The goal of the proposed trial is to investigative in a controlled, prospective manner the robustness of this outcome, and to track quality of life over a 5-year trial period.
|Condition or disease||Intervention/treatment||Phase|
|Pancreatic Cancer||Radiation: Stereotactic MRI-guided On-table Adaptive Radiation Therapy||Phase 2|
Prior stereotactic body radiotherapy (SBRT) experiences for treatment of locally advanced pancreatic cancer entailed either single-fraction or multi-fraction approaches delivering 33 Gray (Gy) in 5 fractions. Excellent tolerance and tumor control has been demonstrated, but median survival remained approximately 14 months. This highlights the strengths and limitations of SBRT to current radiation doses for pancreatic cancer.
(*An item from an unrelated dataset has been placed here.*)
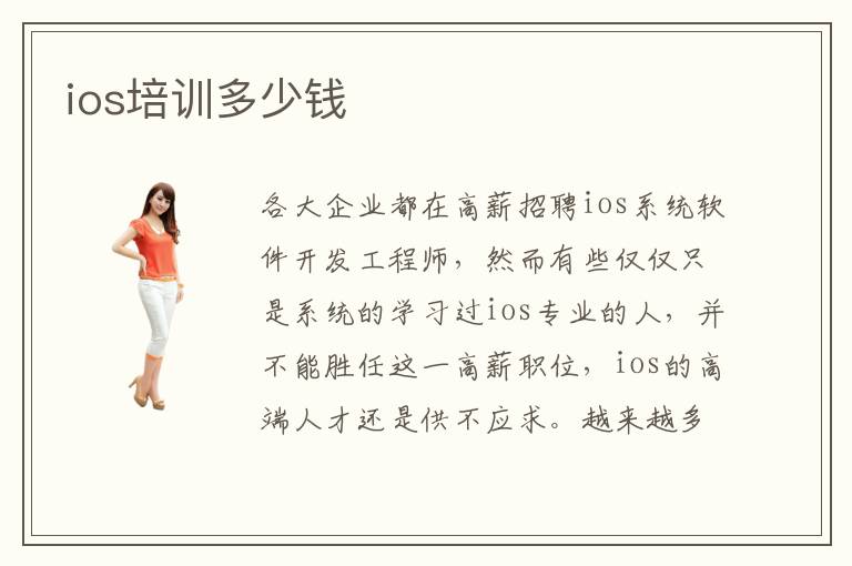 各大企业都在高薪招聘ios系统软件开发工程师,然而有些仅仅只是系统的学习过ios专业的人,并不能胜任这一高薪职位,ios的高端人才还是供不应求。越来越多的人想要去专业的ios培训机构进行学习,不管是零基础的学员还是学过ios想来提高专业技能的学员,大家都能够通过培训机构这四个月左右的时间,学好ios,获得更多的关于ios的经验。那么,ios培训多少钱呢?

A prior Washington University institutional study and retrospective review has shown the safety of delivering 67.5 Gy in 15 fractions for inoperable pancreatic cancer using a strict 'isotoxicity' approach of limiting the gastrointestinal (GI) organs at risk (stomach, duodenum, small bowel and large bowel) to 45 Gy to 0.5 cm3 or less. This regimen resulted in no grade 3 or higher GI toxicities, and only one death in the 19 patients with a median follow-up of 15 months. This is significantly improved from prior experiences, where approximately 15 months represents the median survival for most studies of inoperable pancreatic cancer.
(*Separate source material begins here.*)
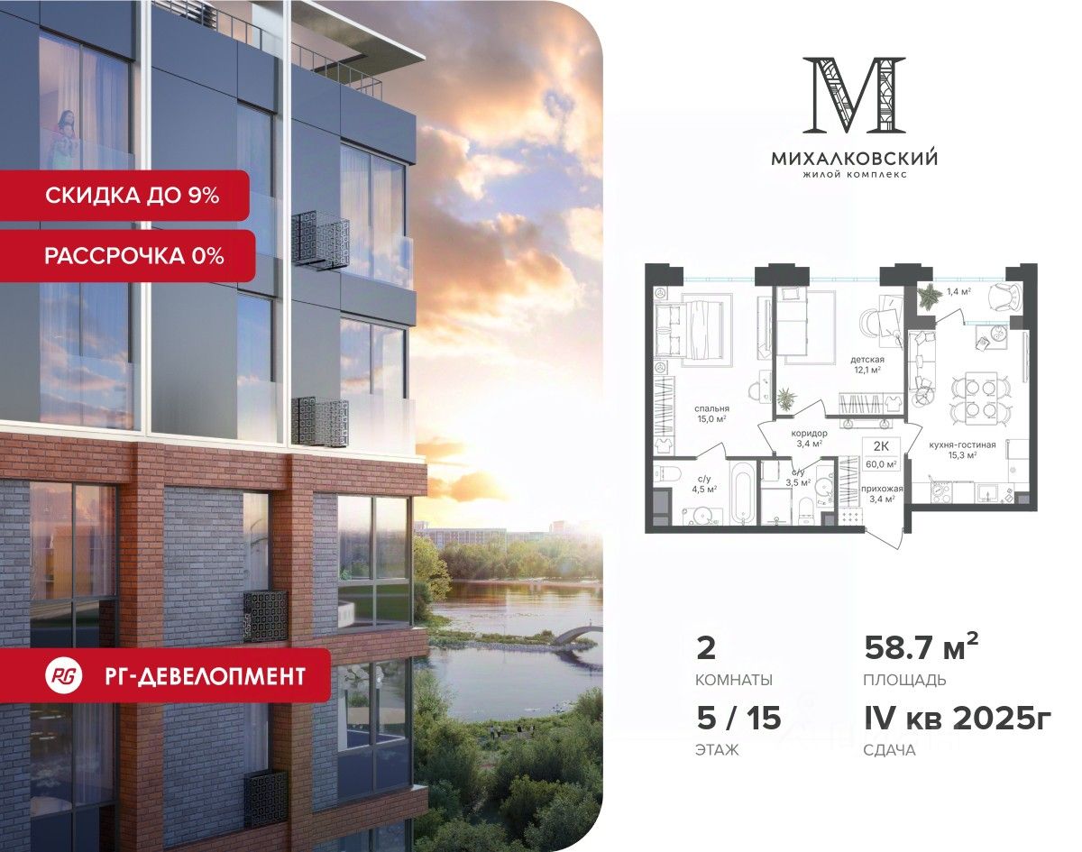 Компания "РГ-Девелопмент" предоставляет скидку на квартиры в жилом комплексе. Акция действительна до 15.04.2026 включительно. Чтобы воспользоваться предложением, необходимо подписать договор на приобретение недвижимости до 15.04.2026 включительно.

A recent retrospective analysis of 42 locally advanced pancreatic cancer patients treated by magnetic resonance imaging (MRI) guided radiation therapy at four institutions (University of California, Los Angeles, University of Wisconsin, Vrije Universiteit Medical Center (VUmc), Amsterdam, and Washington University, St. Louis) demonstrated that high-dose stereotactic body radiotherapy (SBRT) or hypofractionated radiation therapy delivered using daily ADAPTIVE dose planning on an MRI-guided radiotherapy system (MRIdian, ViewRay Inc.) has the potential to further improve overall survival. A control group of 19 patients treated to more conventional radiation doses without frequent dose adaptation showed a median survival of 14.8 months, while patients treated to high radiation doses (n=23, maximum biologically equivalent dose at alpha/beta = 10 Gy, or BED10 of > 90 Gy) under daily or almost daily adaptive re-planning had an estimated median survival of 27.8 months (p=0.005). Interestingly, increased radiation dose delivery using daily dose adaptation was correlated with less grade 3 toxicity (0% in the high dose group vs 15.8% in patients treated to lower radiation doses without dose adaptation).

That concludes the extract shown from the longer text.